P8-S2 Cmdlet returns empty in GCC High AI Governance Lead → §10
P8-S3 Cmdlet returns inconsistent counts across runs within minutes Entra Agent ID Admin
P8-S4 Cmdlet errors with Insufficient privileges Entra Agent ID Admin

8.2 Root cause matrix

RC Description Likelihood Confirm
RC-A Operator's Graph context missing Application.Read.All / Directory.Read.All High Get-MgContext \| Select Scopes
RC-B Tenant in sovereign cloud — endpoint not present High in GCC/GCC High/DoD (Get-MgContext).Environment
RC-C Beta endpoint cache lag (Microsoft cache invalidation up to 15 min) Medium for P8-S3 Re-run after 15 min
RC-D Cmdlet definition out of date (filters changed in module update) Low Module version

8.3 Diagnostic queries

Get-MgContext | Select Environment, Scopes
Get-AllAgentIdentities | Measure-Object  # raw count regardless of sponsor
Get-AgentsWithoutSponsors | Measure-Object

If AllAgentIdentities count is non-zero but AgentsWithoutSponsors returns empty, suspect filter logic or scope.

8.4 Resolution steps

  1. Re-authenticate with explicit scopes: Connect-MgGraph -Scopes "Application.Read.All","Directory.Read.All","User.Read.All".
  2. If sovereign cloud, abort and switch to compensating control per §10 — manual quarterly attestation against the agent registry.
  3. If cache-lag suspected, wait 15 minutes and re-run before treating as a real defect.
  4. Confirm module version: Get-Module Microsoft.Graph.Beta.Applications -ListAvailable | Select Version against the version pinned in ./powershell-setup.md.

8.5 Verification

  • Get-AgentsWithoutSponsors returns expected non-zero count matching portal badges (or zero if remediation has been performed).
  • Pester: It 'orphan scan executes successfully' passes.

8.7 Examiner artifact preservation

Capture E-01 health snapshot on every orphan-scan execution; the snapshot's Cloud field is the immediate proof that an "empty" result in sovereign is a known parity gap and not a missed control.


§9. Pillar SIEM-NO-EVENTS

One-line: Entra audit events for agent identities are not visible in the SIEM dashboard, even though events are occurring in Entra.

9.1 Symptom catalog

Code Symptom First responder
P9-S1 Dashboard shows zero events for > 24 hours SIEM Engineer
P9-S2 AuditLogs table receives data but agent-filtered queries return nothing SIEM Engineer
P9-S3 Events arrive but targetResources.type is 'ServicePrincipal', not 'Agent' SIEM Engineer
P9-S4 Events arrive ~24 hours late SIEM Engineer

9.2 Root cause matrix

RC Description Likelihood Confirm
RC-A Diagnostic setting category AuditLogs not enabled on Entra High for P9-S1 Entra → Diagnostic settings
RC-B Diagnostic setting destination misconfigured (workspace deleted, deprecated key) Medium Setting health
RC-C SIEM filter assumes targetResources.type == 'Agent' (wrong; type is 'ServicePrincipal') High for P9-S2, P9-S3 Inspect SIEM query
RC-D Diagnostic export latency (Microsoft-documented 5-15 min, occasionally hours) Low–Medium Service Health
RC-E Sovereign cloud — agent events not emitted Situational §10

Critical accuracy point — diagnostic export filtering. Entra diagnostic settings export the entire AuditLogs category; there is no per-event or per-category sub-filter at the export layer. All event-shape filtering happens downstream in your SIEM (Sentinel / Splunk / Chronicle). If you expected a way to ship "only agent events" out of Entra, that capability does not exist — ship the full category and filter in SIEM.

9.3 Diagnostic queries

// Are AuditLogs landing at all?
AuditLogs | where TimeGenerated > ago(1h) | summarize count()

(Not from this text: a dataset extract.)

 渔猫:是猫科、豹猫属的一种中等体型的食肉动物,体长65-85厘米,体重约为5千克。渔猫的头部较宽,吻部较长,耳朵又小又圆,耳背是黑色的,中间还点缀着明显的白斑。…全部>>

// Are agent SPN events present? (Note: filter on ServicePrincipal then inspect modifiedProperties for agent type)
AuditLogs
| where TimeGenerated > ago(24h)
| extend tr = parse_json(TargetResources)
| mv-expand tr
| where tostring(tr.type) == "ServicePrincipal"
| where tostring(tr.modifiedProperties) has "agent" or OperationName has "service principal"
| summarize count() by OperationName

9.4 Resolution steps

  1. Confirm Entra → Diagnostic settings → AuditLogs is checked and routes to the expected workspace.
  2. Inspect SIEM query for hard-coded targetResources.type == 'Agent' and replace with the pattern in KQL-01.
  3. If RC-D, wait one hour and re-evaluate. Set a SIEM alert on "no AuditLogs ingestion for 4+ hours" so future export outages page automatically.
  4. If sovereign, follow §10 — manual evidence collection from Entra portal exports.

9.5 Verification

  • KQL-01 returns events within the incident window.
  • Pester: It 'AuditLogs ingestion latency under 15 minutes for control 2.26 events' passes.

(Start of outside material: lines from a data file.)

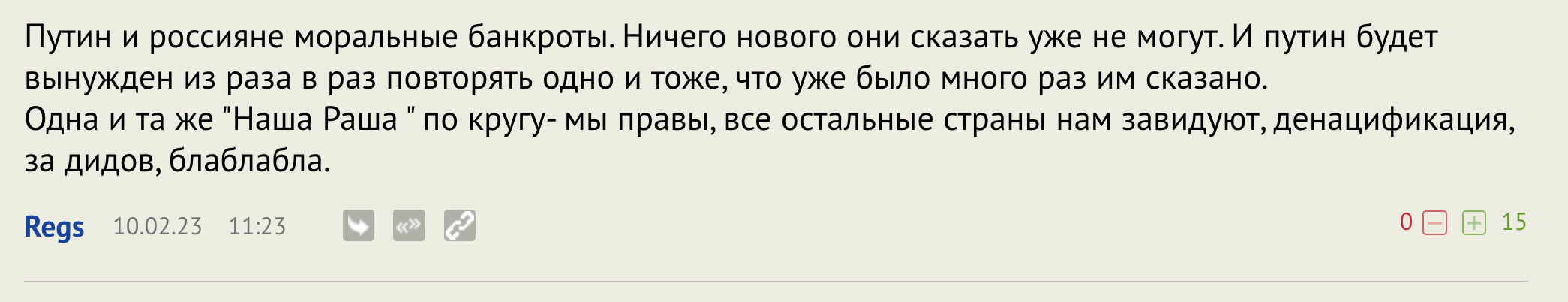 Ну как бы в его словах есть логика. Как теперь известно, все те предупреждения со стороны США о дате нападения и о победе в 72 часа были не результатом работы разведки, а просто пересказом того, что Путин сказал Бёрнсу. Т.е. чисто "по-пацански" предупредил, возражений особых не было, а потом, когда не получилось ни за 72 часа, ни за 72 дня, вдруг взяли и начали оружием снабжать. "Удар в спину".
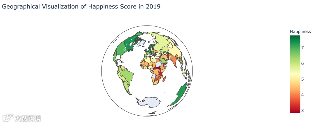 整体来看,北欧的国家幸福指数较高,如冰岛、丹麦、挪威、芬兰;东非和西非的国家幸福指数较低,如多哥、布隆迪、卢旺达和坦桑尼亚。
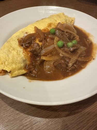 私がいままでお願いしたことがないオムハヤシが登場しました!オムライスの上からたっぷりハヤシソースがかかっています。一口いただくとめちゃうま~!

9.7 Examiner artifact preservation

Preserve E-03 (KQL exports) and a snapshot of the SIEM detection-rule definitions. If the SIEM filter was wrong, the prior-version filter in source control demonstrates when the gap began and ended.


§10. Pillar SOV-PARITY-GAP

One-line: the tenant is in a sovereign cloud (GCC, GCC High, DoD) where Entra Agent ID, agent-identity access packages, and agent-targeted Lifecycle Workflow tasks are not available as of April 2026; the firm must operate compensating controls and document the gap clearly to examiners.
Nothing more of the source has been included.